PianoStorage is part of the Pianospeed Group, the same family of specialist piano-moving and piano-collection services. Specialist piano crews collect the instrument from where it stands, wrap and protect it properly, and hold it in climate-controlled storage with no fixed term, so you pay only for the time you use. When you are ready, one message books the re-delivery and the piano comes home. For anything valuable, sentimental, or stored for more than a few weeks, that is almost always the safer choice over a garage and good intentions.
- Steady climate-controlled conditions all year, not just when you remember to heat the room
- Collection and re-delivery handled by specialist piano crews
- Full insurance from collection through storage to return
- No fixed term, so the cost matches the time actually used
Can I store a piano in my garage or loft?
It is the most common mistake owners make. Garages, lofts, basements and conservatories all swing between damp, cold and warm with the seasons, and those swings are exactly what cracks soundboards, rusts strings and ruins tuning. A piano needs a space with steady temperature and humidity, which an unheated UK garage cannot provide.
Does a piano need climate-controlled storage, or is any indoor unit fine?

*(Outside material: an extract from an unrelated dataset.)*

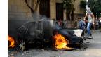 • متظاهرون أضرموا النار في سيارة تابعة للشرطة بالقرب من السفارة.

Standard self-store units are not heated or humidity-controlled, so a piano inside one still goes through the same damaging seasonal cycles as a garage. Climate-controlled storage holds steady conditions year round, which is what actually protects the instrument and preserves its value.
How should a grand piano be stored?
Specialist piano crews store a grand on its side on a purpose-built padded board, with the legs and pedal lyre removed and bagged separately. That protects the legs from the case weight. It should never simply be stood on its own legs in storage or laid down by untrained hands.
Will my piano need tuning after storage?
Almost always, yes. The strings settle as the piano acclimatises to its new surroundings, so a tuning after re-delivery is normal and expected. Leave it a couple of weeks after the piano arrives so it has time to settle before you tune it.
Is it worth using specialists rather than storing the piano myself?
For anything valuable, sentimental or stored more than a few weeks, yes. Most storage happens during a move, a renovation or time away, exactly when you do not control the conditions. A specialist facility gives you a steady climate, full insurance and crews who lift and carry the instrument properly.